Haces bien en querer aprender, pero deberías empezar por estudiar las cosas que están mas a tu alcance...como por ejemplo...las especificaciones de la placa de sonido de la PC. Si lo hubieras hecho, te darías cuentas de que NINGUN parlante va a sonar con la salida de la placa de sonido (a menos que sea un SoundBlaster de 1992 que venía con etapa de potencia onboard), por que es una salida de línea diseñada para excitar un preamplificador o un amplificador directamente.

También debes dar gracias que no te has comido la salida de sonido de la PC haciendo ese experimento, y antes de seguir aprendiendo, abrí un parlante de PC y fijate que tiene adentro, busca información en Internet y hacete una idea en bloques de lo que tenes que armar.

PD: Para hacer un amplificador necesitas, como mínimo, dos etapas: una de emisor-común para amplificar tensión y otra de colector-común para amplificar corriente.

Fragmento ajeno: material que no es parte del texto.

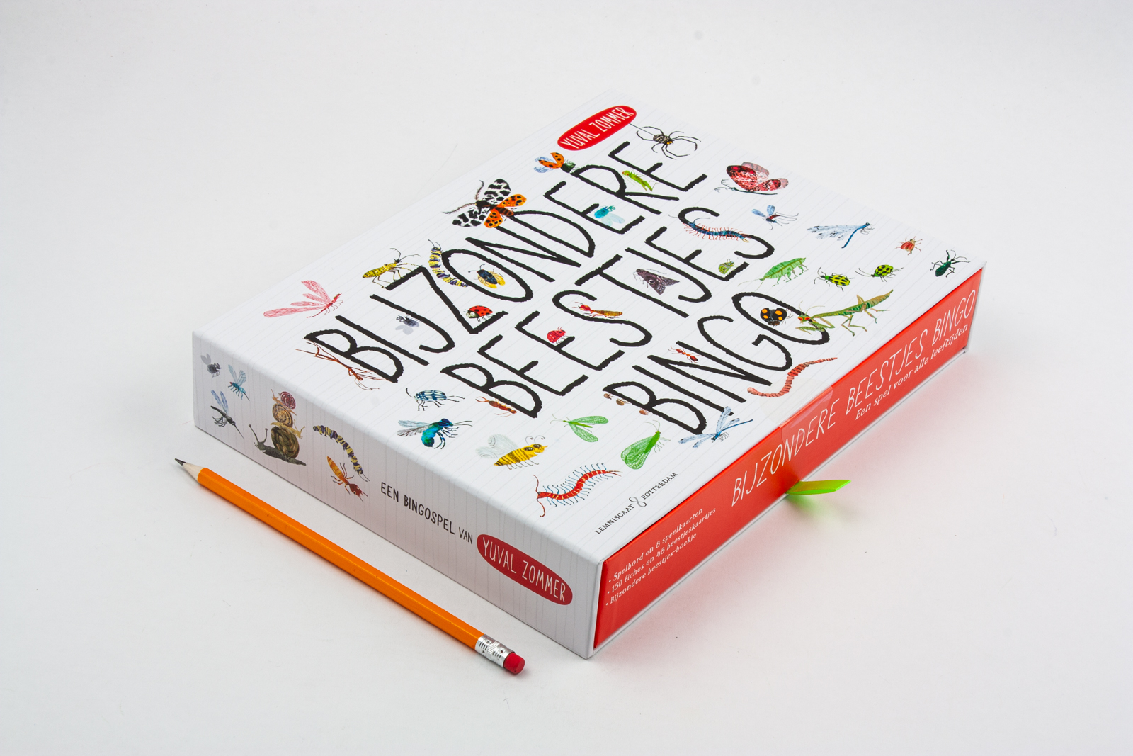 ‘Vlinder!’ ‘Mestkever!’ ‘Spuugbeestje!’ ‘BINGO!’ Zo leuk was bingo nog nooit! Maar liefst achtenveertig verschillende Zommerbeestjes, van een lieveheersbeestje tot een wandelende tak en van een komkommerkever tot een picassowants, zullen je laten lachen en griezelen terwijl je op jouw bingokaart zoekt of je ze hebt. Open de doos en ontdek een spelbord, acht dubbelzijdige speelkaarten, honderdvijftig fiches, achtenveertig beestjeskaartjes en een zakje om die kaartjes blind te kunnen trekken. En ook nog een miniboekje met spelregels en extra informatie over de bijzondere beestjes in deze bingo.

Los transistores que tenes sirven para lo primero, pero vas a tener que conseguir mas grandes para lo segundo...como mínimo un BC337 (o 327, depende de que armes). Y no esperes maravillas con esta configuración.

Saludos!


----------



## ls2k (Jul 23, 2009)

https://www.forosdeelectronica.com/f31/amplificador-audio-transistores-proposito-general-18537/ fijate ahi hay algunos, el texas de ezavalla anda perfecto y es facilito te recomiendo ese (yo lo arme y dijo que son mas de 2w pero hay que acatar lo que dice el mas.. . =) mas abajo hay otros pero no se si funcionen el texas funciona si o si


----------



## _Maxi (Jul 23, 2009)

> Haces bien en querer aprender, pero deberías empezar por estudiar las cosas que están mas a tu alcance...como por ejemplo...las especificaciones de la placa de sonido de la PC. Si lo hubieras hecho, te darías cuentas de que NINGUN parlante va a sonar con la salida de la placa de sonido (a menos que sea un SoundBlaster de 1992 que venía con etapa de potencia onboard), por que es una salida de línea diseñada para excitar un preamplificador o un amplificador directamente.

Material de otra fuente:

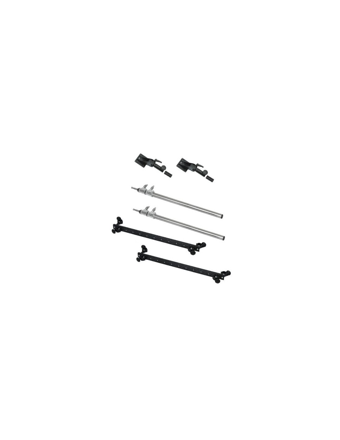 La barre transversale en acier robuste, équipée de nombreux perçages, permet non seulement de sécuriser l’installation mais aussi d’ajouter des accessoires (lumières, bras articulés, etc.). L’ensemble se monte facilement avec les quatre colliers de serrage fournis, garantissant une stabilité optimale.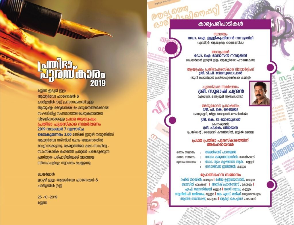Itoozhi Illam Ayurveda Foundation & Charitable Trust proudly announces the Award presentation & felicitation of the 1st state-level ‘Ayushyam – Prathibha Puraskaram’ for the Best Short Story Writer in Malayalam, on 7 November 2019, at 3.00 pm at the Itoozhi Ayurveda Campus.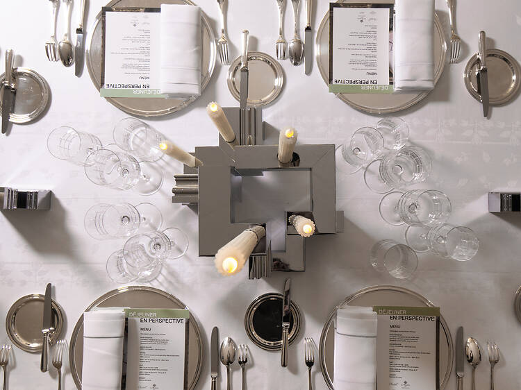 Ancien compagnon du devoir, Mathias Kiss, passionné d’artisanat, a été invité par le Meurice pour investir une suite et entrer en résonance avec les plats du chef Amaury Bouhours lors de deux dîners, les 29 et 30 janvier. L’artiste a conçu Liquid Mirror, une installation éphémère en mosaïque de miroirs descendant du plafond, qui répond à la table tout argent signée Christofle. Dans les assiettes, Amaury Bouhours déploie sa cuisine contemporaine et épurée : Saint-Jacques de Saint-Malo, radis ; veau grillé, chou de Pontoise et houblon… Le prix de l’expérience : 250 €.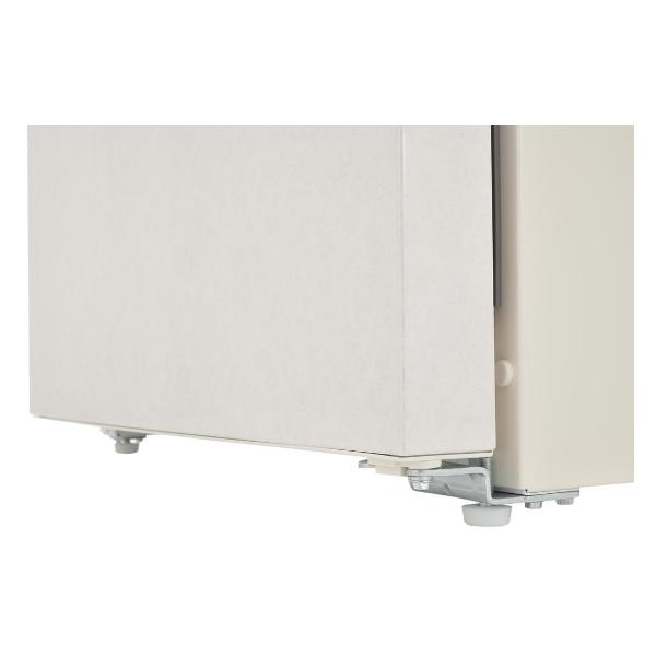 Двери открываются направо, при необходимости их можно перенавесить. Ручки расположены горизонтально. Для удобства транспортировки предусмотрены колесики. Если дверь будет долго оставаться открытой, прозвучит сигнал. В случае отключения электропитания холодильник будет поддерживать низкую внутреннюю температуру в течение 14 часов.

Sí, era evidente que no iba a tirar ese parlante, lo sabía, pero igual quería ver cuán bajito se escuchaba, por mera curiosidad. Lo que no entiendo es por qué esto podría haber quemado mi placa, pensé que a lo sumo se escucharía bajo y listo.



> PD: Para hacer un amplificador necesitas, como mínimo, dos etapas: una de emisor-común para amplificar tensión y otra de colector-común para amplificar corriente. Los transistores que tenes sirven para lo primero, pero vas a tener que conseguir mas grandes para lo segundo...como mínimo un BC337 (o 327, depende de que armes). Y no esperes maravillas con esta configuración.

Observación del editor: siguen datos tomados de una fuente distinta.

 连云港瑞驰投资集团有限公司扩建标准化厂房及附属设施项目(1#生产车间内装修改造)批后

Ok me fijaré.. y no, maravillas no espero, es un experimento para empezar. Suerte

Pd: lo que yo vi en la facultad fueron algunos circuitos de amplificador, y después pasar a los modelos equivalentes, pero de práctica, nada.

ls2k, ahi leo el thread.


----------



## ls2k (Jul 24, 2009)

lo otro seria que utilices un circuto con 3904 que ansda dando vueltas por el foro, tiene una ganancia tremenda.. amplifica su bbuen poco..


----------



## _Maxi (Jul 25, 2009)

Y algo así no podría andar?

http://www.clubse.com.ar/download/pdf/montajes/nota82.htm

En base común amplificadorfico tanto tensión como corriente por eso yo tenía la idea de usar un circuito más o menos así.


----------



## Nimer (Jul 25, 2009)

Armate un LM386.. Tira 750mW, y tiene componentes pasivos nada más.
Ese integrado se consigue por centavos, o a lo sumo $2. Fue mi primer amplificador. 

Es una cucarachita de 8 patitas que suena fuerte en relación al circuito sencillo que tiene.
Bajate el datasheet que tenés los esquemas para usarlo..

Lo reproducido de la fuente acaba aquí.